Task to carry out
Below are the records; reproduce all of them exactly but without any images.

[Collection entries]

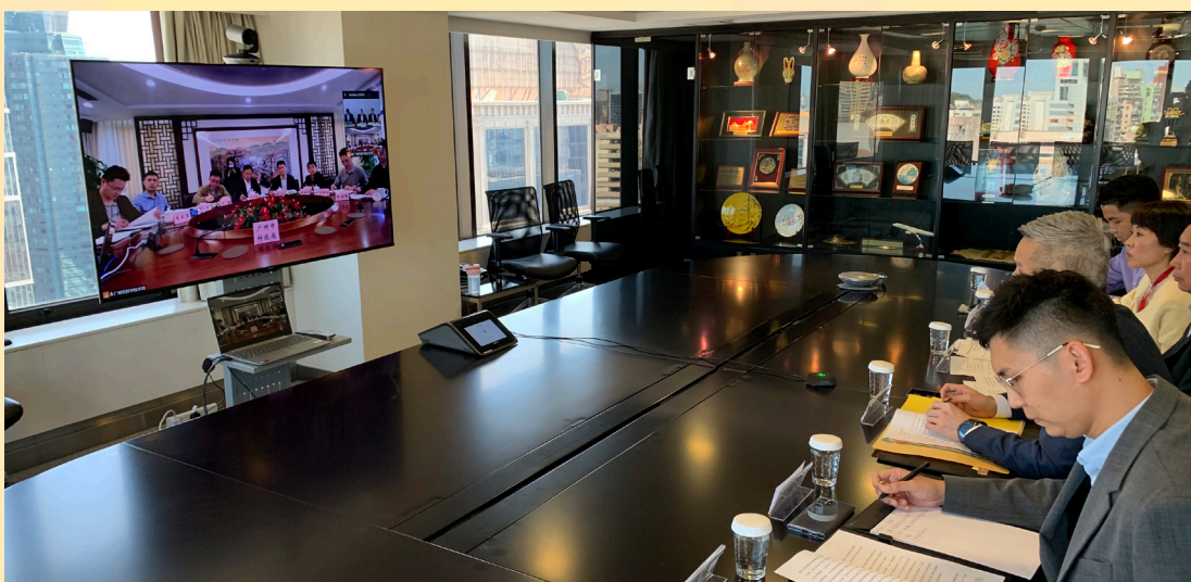
經科局與廣州市科技局進行線上會議
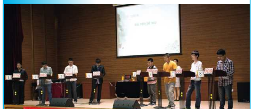
第三届中华传统文化知识竞赛总决赛

4 29! "#$%&' ( ) * +, - . / 01231456$ 789 : ; < = > " ? @ . / 01 ABCDEF GHI J $ KLMNO > PQJ R1S" TU* OVWXYZ [ P ( ) , - "\ ] NG^ P_ , ` a " bc 5d PGefghi 1j kl " $ mnopqr ? @ 01stuZvwX opqy NG^ z { | ( ) } ~ • 所以生生不息" 正A 因为# ^ ( ) , 明具 有, - 纵贯R" h 他鼓励U场PNG^ 要做一个厚< P_ " 全面P_ " 研究 G问" 追求幸福" 享受快9" h
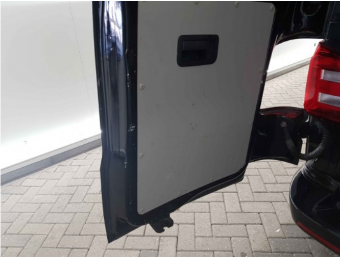
7. Bekleding achterklep
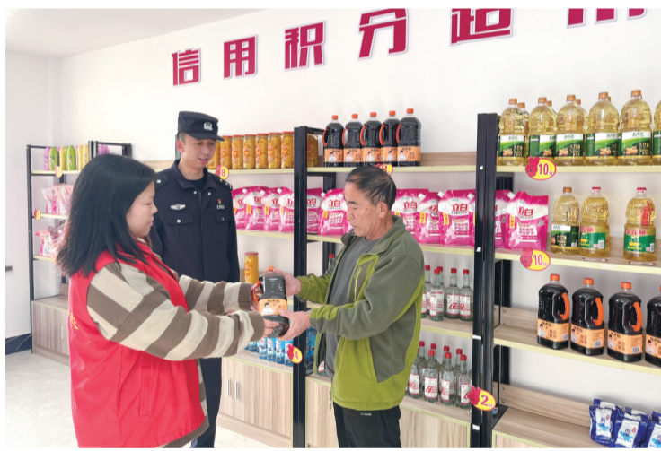
居民用积分兑换物品

名啦,参与活动的可以增加5个积分!”随着望江村的喇叭不断播报,此时警务室门前聚集的村民也越来越多。

Reply to the exercise
經科局與廣州市科技局進行線上會議
第三届中华传统文化知识竞赛总决赛

4 29! "#$%&' ( ) * +, - . / 01231456$ 789 : ; < = > " ? @ . / 01 ABCDEF GHI J $ KLMNO > PQJ R1S" TU* OVWXYZ [ P ( ) , - "\ ] NG^ P_ , ` a " bc 5d PGefghi 1j kl " $ mnopqr ? @ 01stuZvwX opqy NG^ z { | ( ) } ~ • 所以生生不息" 正A 因为# ^ ( ) , 明具 有, - 纵贯R" h 他鼓励U场PNG^ 要做一个厚< P_ " 全面P_ " 研究 G问" 追求幸福" 享受快9" h
7. Bekleding achterklep
居民用积分兑换物品

名啦,参与活动的可以增加5个积分!”随着望江村的喇叭不断播报,此时警务室门前聚集的村民也越来越多。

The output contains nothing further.